The theory is that your phone will soon become and electronic wallet, as we take our next step towards becoming a cashless society.
Now that your sim card is turning your phone into an electronic wallet, it seems you can wave goodbye to credit cards.
Westpac and MasterCard are trialing the use of mobile phones for debit purchases up to $100.
More stories from Today Tonight“You want to buy a coffee, you launch the application on the phone, say you want to make a payment, and you tap the phone to the terminal, and you're done. You want to buy something of high value, you can still use your phone, but you have to remember your pin,” MasterCard's Matt Barr explained.

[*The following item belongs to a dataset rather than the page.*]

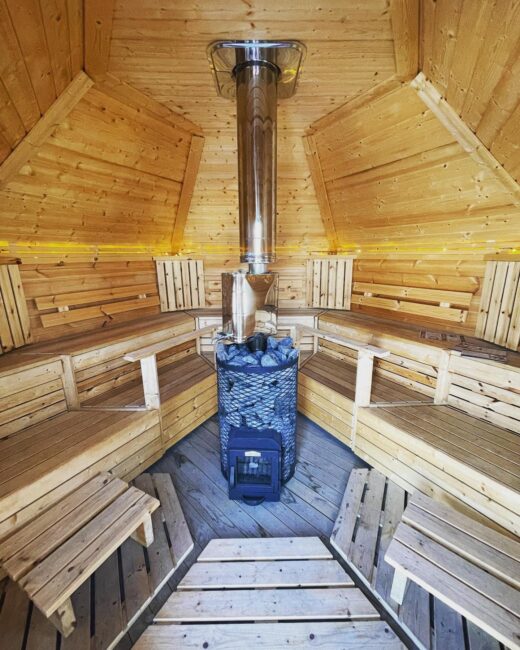 Diese Sauna wurde vom Hersteller so konstruiert, dass man das ganze Jahr hindurch unkompliziert und gesund saunieren kann. Ein mit Holz beheizter Saunaofen garantiert ein ursprüngliches Saunagefühl und macht das Saunabad für alle zum Erlebnis. Alternativ kann die Sauna auch mit einem Elektroofen ausgestattet werden.

Barr says the pilot is using Samsung’s latest Galaxy S 111 handsets, but in future, the technology will enable sim cards to be re-programmed online and put into other mobile phones.
Seamus Byrne, Editor of product technology information website CNet Australia says that “it’s effectively a technology that just has this kind of special antenna built into your phone that means when you swipe it across an active magnetic unit, like a ‘paypass’, it is basically creating that moment where it creates the transaction.”
According to Byrne “one of the really smart things about trying to get it working through a sim card is that you'll actually be able to swap the sim card when you buy yourself a new phone.”
Westpac's pilot program is hot on the heels of the Commonwealth Bank's new iPhone payment system - an application called CommBank Kaching introduced nine months ago.
When you wave your phone in front of a reader it becomes a payment terminal for purchases up to $100 in around 82,000 stores that take MasterCard PayPass.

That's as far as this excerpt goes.